=== WORK TASK ===
Starting at the line with "- PLEASE NOTE: Might" and going on through the line with "Жедсон, Солари, Маркиньос.", reproduce each line in the records below exactly and nothing more.

-- DATASET ENTRIES follows --

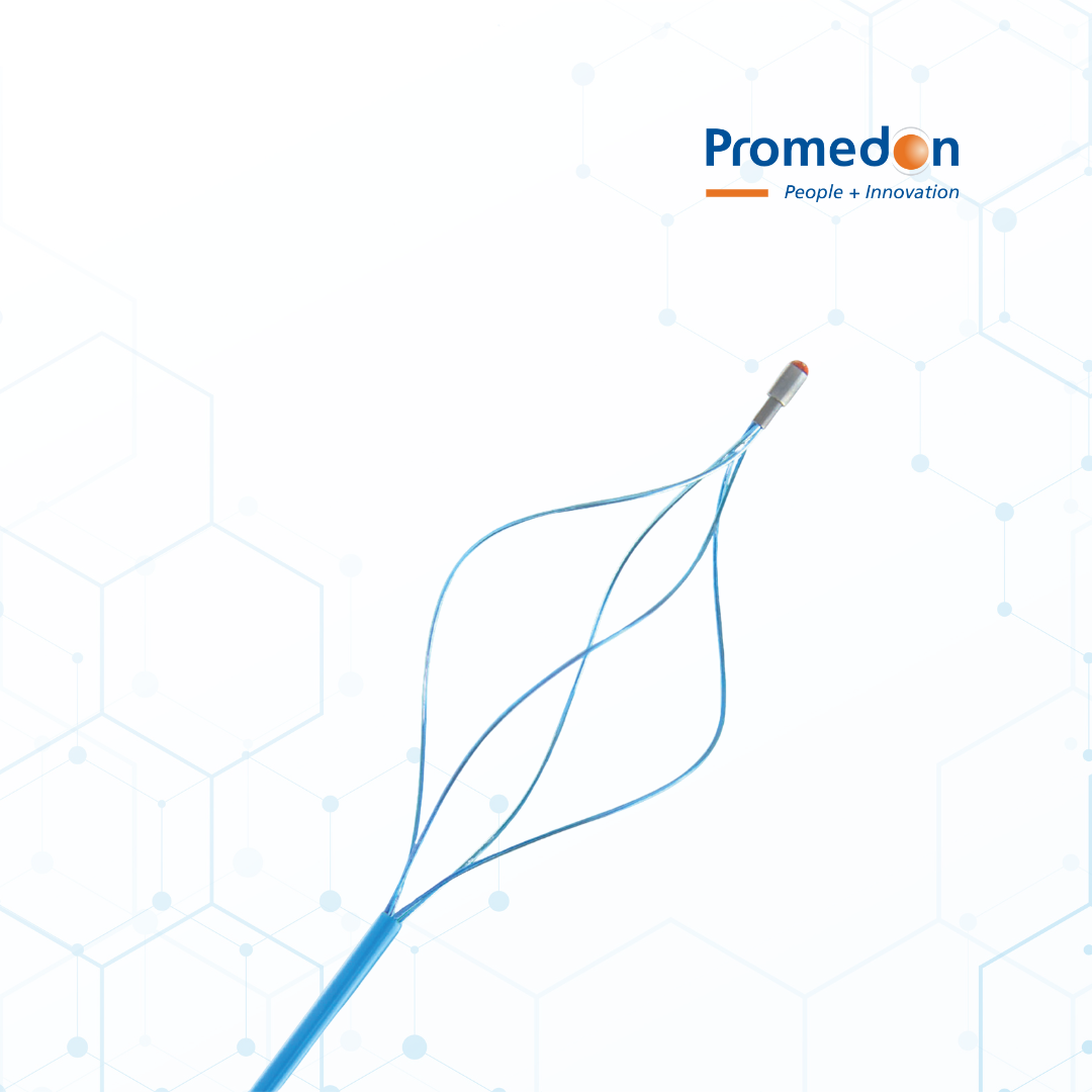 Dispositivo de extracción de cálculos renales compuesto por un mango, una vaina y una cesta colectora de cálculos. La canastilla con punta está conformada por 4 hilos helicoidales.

-- DATASET ENTRIES concluded --
-- DATASET ENTRIES follows --

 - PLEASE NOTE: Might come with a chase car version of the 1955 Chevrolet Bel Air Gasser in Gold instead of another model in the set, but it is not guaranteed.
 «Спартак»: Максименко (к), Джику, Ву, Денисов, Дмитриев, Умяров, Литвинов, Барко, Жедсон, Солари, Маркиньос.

-- DATASET ENTRIES concluded --

=== RESULT FOR THIS EXERCISE ===
 - PLEASE NOTE: Might come with a chase car version of the 1955 Chevrolet Bel Air Gasser in Gold instead of another model in the set, but it is not guaranteed.
 «Спартак»: Максименко (к), Джику, Ву, Денисов, Дмитриев, Умяров, Литвинов, Барко, Жедсон, Солари, Маркиньос.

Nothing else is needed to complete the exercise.